YOUR ASSIGNMENT: Repeat exactly the lines from the one containing "بیسٹ وے سیمنٹ" through the last line of the records below, both included, and nothing else.
>>>
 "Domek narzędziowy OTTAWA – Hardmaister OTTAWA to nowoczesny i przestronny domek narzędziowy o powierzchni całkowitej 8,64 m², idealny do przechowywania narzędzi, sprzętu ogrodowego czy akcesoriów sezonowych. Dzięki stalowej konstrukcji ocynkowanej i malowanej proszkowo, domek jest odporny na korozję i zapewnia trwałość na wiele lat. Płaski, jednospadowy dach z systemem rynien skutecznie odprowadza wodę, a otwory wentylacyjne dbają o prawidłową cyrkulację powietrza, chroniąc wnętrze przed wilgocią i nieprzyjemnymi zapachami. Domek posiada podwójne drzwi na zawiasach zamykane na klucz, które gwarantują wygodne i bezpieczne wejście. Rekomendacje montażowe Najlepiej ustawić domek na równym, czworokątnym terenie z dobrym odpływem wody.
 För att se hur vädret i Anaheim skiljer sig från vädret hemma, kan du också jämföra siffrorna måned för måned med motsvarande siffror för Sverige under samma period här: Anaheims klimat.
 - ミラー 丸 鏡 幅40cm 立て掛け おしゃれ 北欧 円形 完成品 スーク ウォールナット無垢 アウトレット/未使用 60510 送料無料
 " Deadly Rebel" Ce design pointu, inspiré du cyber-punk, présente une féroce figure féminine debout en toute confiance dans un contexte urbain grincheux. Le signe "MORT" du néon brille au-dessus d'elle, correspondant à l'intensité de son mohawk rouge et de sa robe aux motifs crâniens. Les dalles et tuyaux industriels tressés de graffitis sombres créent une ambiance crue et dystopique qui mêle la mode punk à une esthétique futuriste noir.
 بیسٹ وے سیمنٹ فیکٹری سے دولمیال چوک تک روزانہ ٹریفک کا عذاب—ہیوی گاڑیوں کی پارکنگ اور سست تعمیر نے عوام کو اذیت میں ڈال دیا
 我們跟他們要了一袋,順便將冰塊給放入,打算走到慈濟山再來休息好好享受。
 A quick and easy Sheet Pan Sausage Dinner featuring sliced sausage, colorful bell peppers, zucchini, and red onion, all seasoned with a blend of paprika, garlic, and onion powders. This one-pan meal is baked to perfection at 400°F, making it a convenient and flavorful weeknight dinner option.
<<<
TASK ANSWER:
 بیسٹ وے سیمنٹ فیکٹری سے دولمیال چوک تک روزانہ ٹریفک کا عذاب—ہیوی گاڑیوں کی پارکنگ اور سست تعمیر نے عوام کو اذیت میں ڈال دیا
 我們跟他們要了一袋,順便將冰塊給放入,打算走到慈濟山再來休息好好享受。
 A quick and easy Sheet Pan Sausage Dinner featuring sliced sausage, colorful bell peppers, zucchini, and red onion, all seasoned with a blend of paprika, garlic, and onion powders. This one-pan meal is baked to perfection at 400°F, making it a convenient and flavorful weeknight dinner option.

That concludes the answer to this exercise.